Les repas de Gabriel
Dès la naissance et à chaque phase de changements, l'alimentation d'un bébé porteur de T21 peut être compliquée par l'hypotonie et par la configuration particulière de la bouche et de la langue. Téter - au sein en particulier - mastiquer, déglutir, sont des gestes que la majeure partie des bébés font sans qu'on se pose jamais la question de savoir s'ils y arriveront, mais ce n'est pas toujours aussi simple quand un chromosome surprise s'invite dans l'histoire.
Gabriel a su téter tout de suite. Il est né sans péridurale au terme d'un travail très court, ce qui est idéal pour la mise en place de l'allaitement. Il ne nécessitait pas d'être sans arrêt stimulé ou réveillé comme c'est souvent le cas pour les bébés hypotoniques. Il a juste peiné un peu au moment de la montée de lait, mais j'avais connu ça avec les trois aînés, et le probleme s'est résolu de lui-même au bout de quelques jours. Cerise sur le gâteau, je n'ai eu absolument aucune douleur aux seins - sans doute une succion un peu moins puissante que ses aînés, qui m'avaient chacun offert des crevasses jusqu'au sang la première semaine.
Je l'ai allaité exclusivement au sein, jusqu'à l'approche de ma reprise du travail, alors qu'il avait 5 mois : 3 semaines avant environ, j'ai commencé à lui donner du lait maternel au biberon. Ca n'a pas été simple : il a fallu ruser, faire donner le bib par d'autres personnes, avant ou après la "vraie" tétée ...
Le biberon n'a jamais été une expérience facile pour Gabriel. Heureusement, 3 semaines environ après ma reprise du travail, nous avons commencé la diversification. Assez rapidement les purées et les compotes ont pris le relais du lait maternel dont les quantités diminuaient avec le temps. Contrairement aux 3 grands qui avaient fini par s'habituer au bib, Gabriel mettait de plus en plus de temps pour boire des quantités de plus en plus faibles. Au retour des vacances d'été (il avait 9 mois), nous avons convenu avec la nourrice qu'il était inutile de continuer : j'allaiterais Gabriel chaque fois que possible, et il boirait de l'eau à la tasse chez elle dans la journée. Nous ne saurons jamais avec certitude si c'est la trisomie qui est en cause dans cette difficulté à prendre le biberon, mais c'est assez probable. J'aime à croire malgré tout que c'est aussi parce que mon p'tit bonhomme est un fin gourmet et qu'il préfère son lait à la source !

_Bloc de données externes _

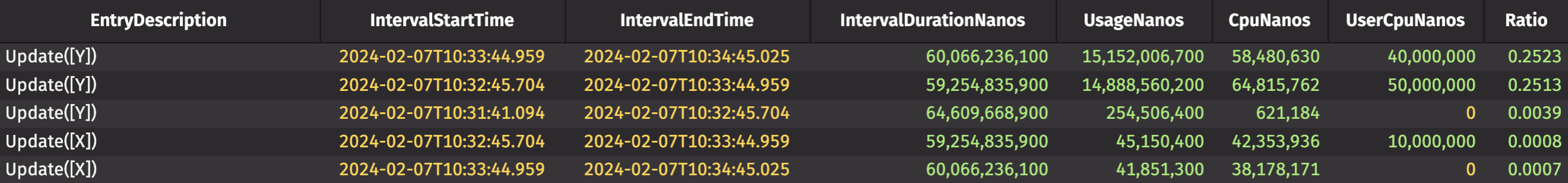 fastandslowdo the same thing.slowis slow because it waits for 1/4 of a second to perform and return the calculation. upl_updateadds two columns:IntervalDurationNanosandRatio.Ratiocalculates the percent of the interval that was spent performing a particular operation. The table is also sorted byRatioin descending order so that the operations that take the most time show up at the top.

La diversification a été une étape importante, qui par chance s'est déroulée absolument sans problème. Nous avons attaqué par les légumes (carottes, courgettes, haricots verts, navets, potirons, etc). Nature, d'abord, puis combinés en jardinières ... Forte de l'expérience de Jeanne qui dès l'introduction des fruits avait refusé de manger le moindre légume, jusqu'à ce que je puisse lui donner en petits morceaux bien fondants vers 1 an, j'ai attendu presque un mois avant de donner des compotes à Gabriel. Nous entrions dans l'été et j'ai pu m'éclater avec les fruits de saison !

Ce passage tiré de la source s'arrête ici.